Özel Denipol ve Denipollife Hastaneleri Üroloji Uzmanı Op. Dr. Kemal Aytekin Dursun, böbrek ve üreter taşları oluşumu ve tedavi yöntemleri konusunda açıklamalarda bulundu.
Op. Dr. Kemal Aytekin Dursun, “Böbrek taşları dünya genelinde yaygın bir problem. Vücuttaki su miktarı azaldığında mineral ve tuzlar kristalleşerek böbrek taşlarına yol açabiliyor. Genelde orta yaşlarda görülen hastalık, artık gençleri ve çocukları hedef almaya başladı” dedi.

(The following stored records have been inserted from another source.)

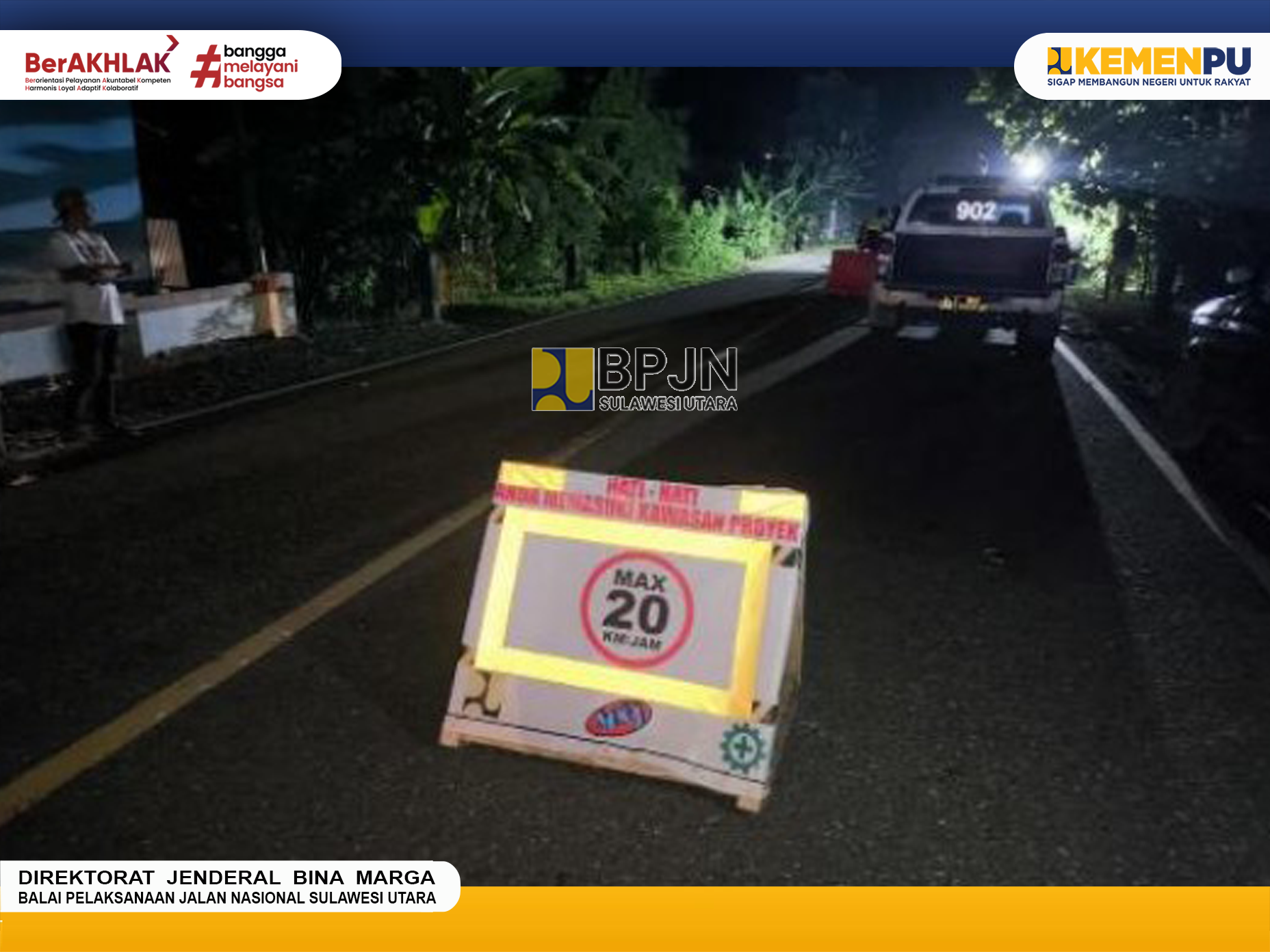 Rabu, (17/09/2025) Balai Pelaksanaan Jalan Nasional (BPJN) Sulawesi Utara melalui Satker PJN Wilayah II, PPK 2.4 Provinsi Sulawesi Utara Lakukan Penanganan sementara Ruas Jalan Nasional Kaiya - Kotamobagu (STA 22+075) yang mengalami Amblas, tepatnya di Desa Muntoi Kecamatan Passi Barat Kabupaten Bolaang Mongondow.
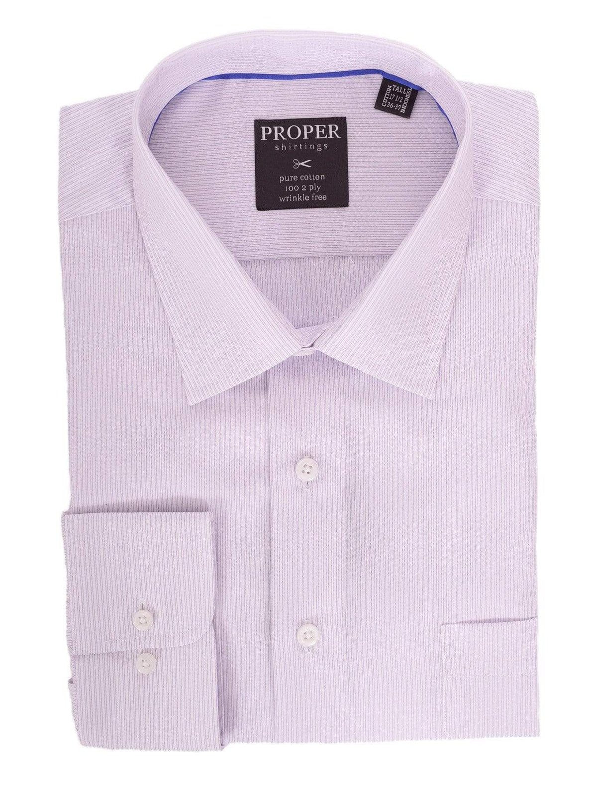 Mens Purple Pinstriped Spread Collar 100 2 Ply Wrinkle Free Cotton Dress Shirt
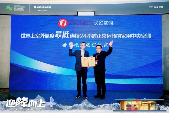 私享会现场,长虹中央空调云帆系列凭借强制热能力和稳定性卓越表现,创“世界上室外温度最低连续24小时正常运转的家用中央空调”世界纪录,世界纪录协会现场为长虹中央空调颁发了认证证书。
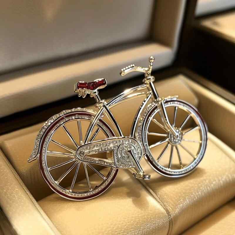 ブローチ レディース 女性用 自転車モチーフ ヴィンテージ風 ジルコニア ラインストーン 高級感 銅製 電気メッキ加工 オリジナルデザイン ギフト プレゼント 装飾品 アクセサリー ファッション小物
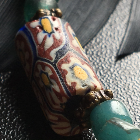 アンティークヴェネチア産のアフリカトレードビーズ_ミルフィオリ(千の花)名前の通りとても色鮮やかで種類もあるこのビーズは人々を魅了するとても美しいデザインをしています。数ある中でもこの種類だけで構成...
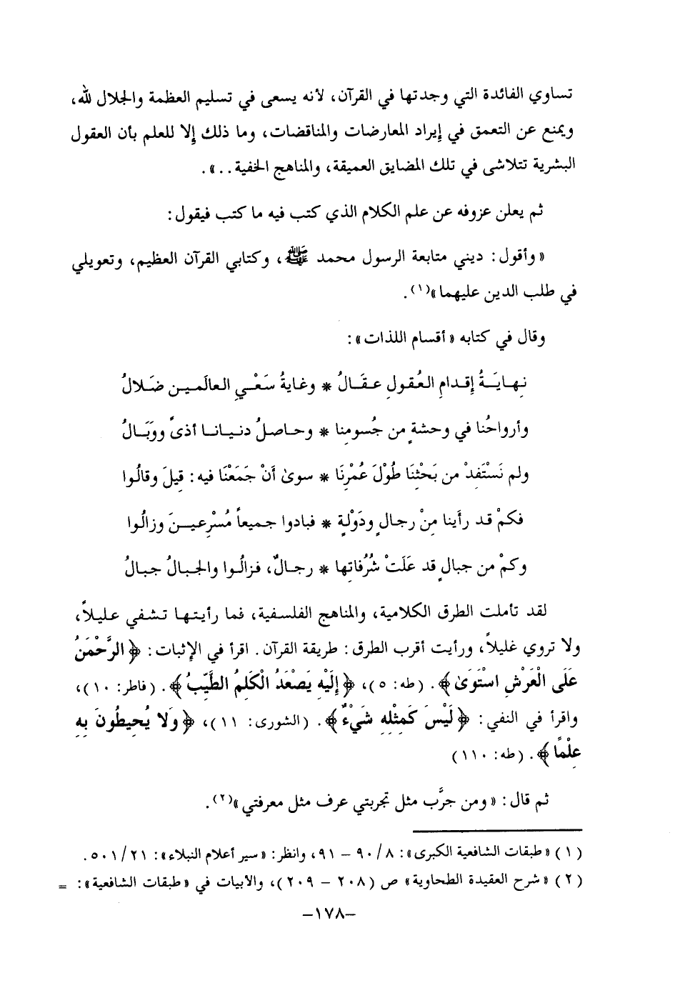 2 "شرح العقيدة الطحاوية" ص208-209، والأبيات في "طبقات الشافعية": 8/ 96، و"وفيات الأعيان": 4/ 250.
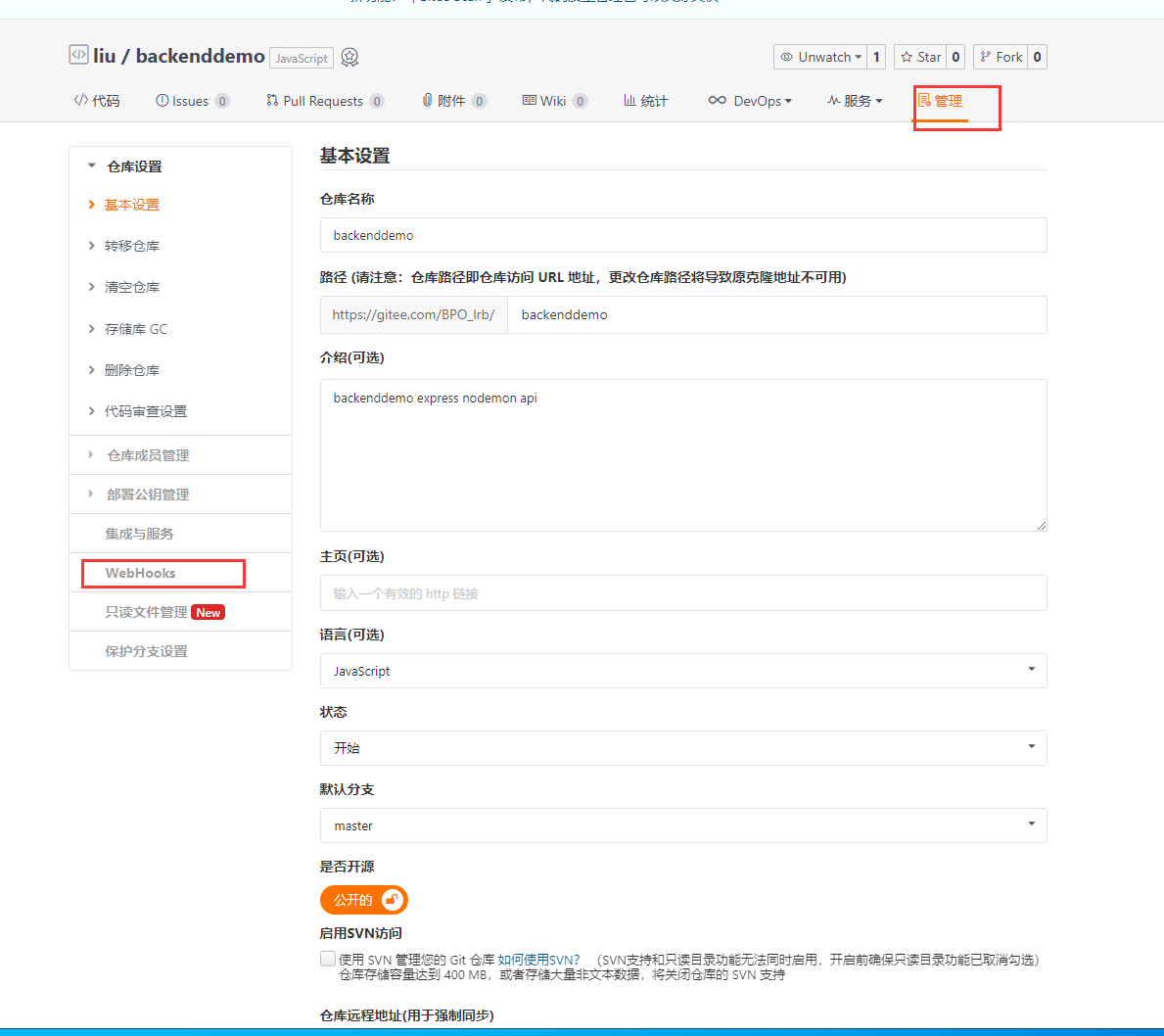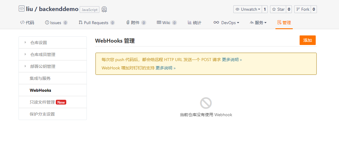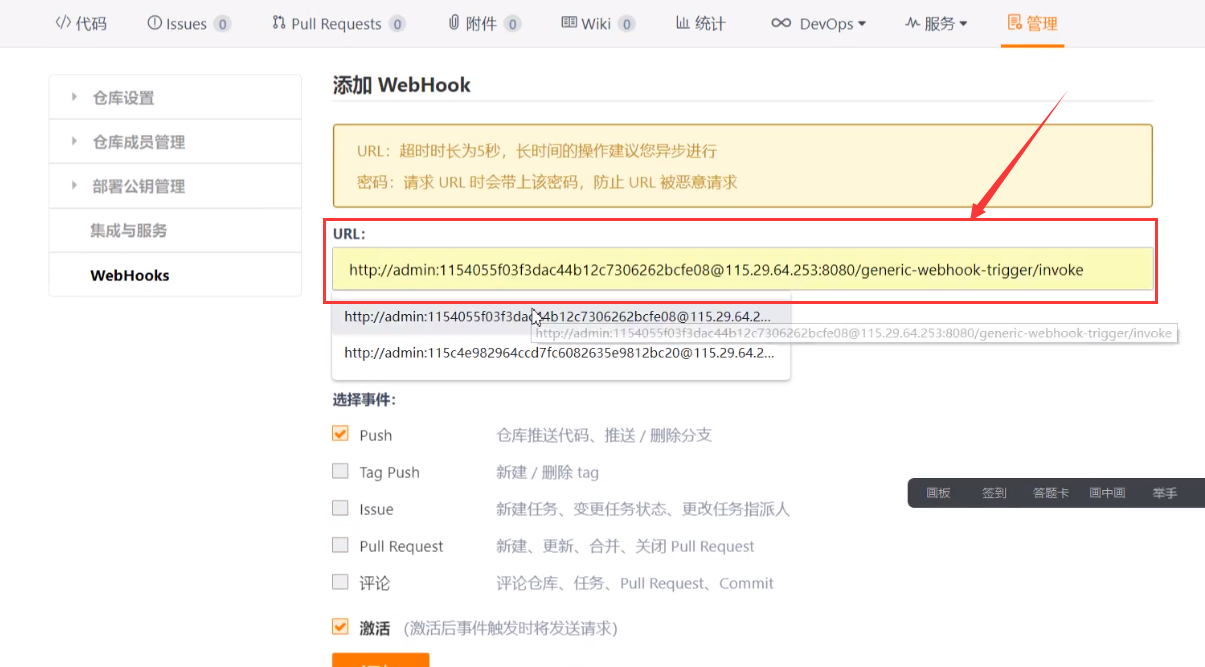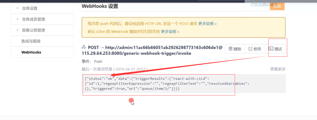 3、 在源码仓库 webhook URL 填写好以后,可以测试是否成功
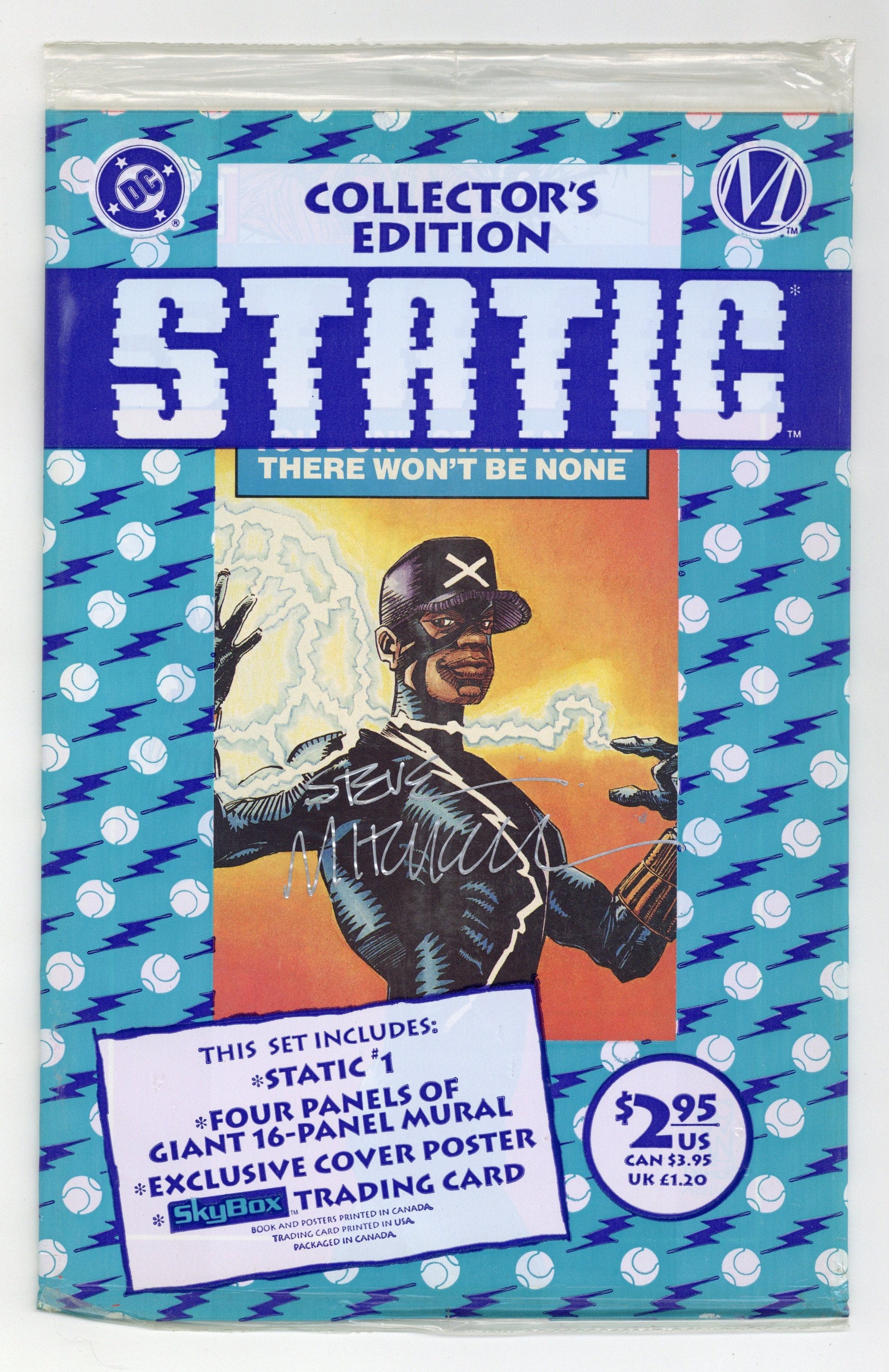 $9.70Direct Edition polybagged with: 1)Four panels of Giant 16-panel mural; 2) Exclusive cover poster; and 3) a Skybox trading card. Cover by Denys Cowan and Jimmy Palmiotti. Burning Sensation [Trial by Fire, Chapter One], script by Dwayne McDuffie and Robert L. Washington III, art by John Paul Leon and Steve Mitchell; Frieda goes to Akkad's place where the five alarm crew is waiting to take her somewhere; Static steps in and defeats them; Frieda goes home; Virgil asks Larry about asking Frieda out; Larry says he thinks Frieda believes they're just friends; the five alarm crew take Frieda to Hot-Streak; Static battles Hot-Streak, but when he sees his face he stops fighting and is defeated en by him. 36 pgs., full color. $2.95. Cover price $2.95.

Türkiye’de nüfusun yüzde 14-15’inde böbrek ve üreter taşları oluştuğunun tespit edildiğini de sözlerine ekleyen Üroloji Uzmanı Op. Dr. Kemal Aytekin Dursun, konuyla ilgili açıklamasını şöyle sürdürdü:
“Böbrek ve üreter taşlarının oluşumu erkeklerde kadınlara göre 2-3 kat fazla görülmektedir. Özellikle 40-60 yaş aralığında daha sık sıcak ve kuru iklimlerde biraz daha sık izleniyor. Taş oluşumu kilo fazlalığı, tansiyon yüksekliği, şeker hastalığı, kan yağlarının yüksek olması taş oluşumunu kolaylaştırmaktadır. Hava sıcaklığının arttığı şu günlerde vücuttaki suyun terleme yoluyla daha çok dışarı atılmasının idrarı azalttığını, bunun da taş oluşmasına zemin hazırladığını önemle vurgulamak gerekmektedir”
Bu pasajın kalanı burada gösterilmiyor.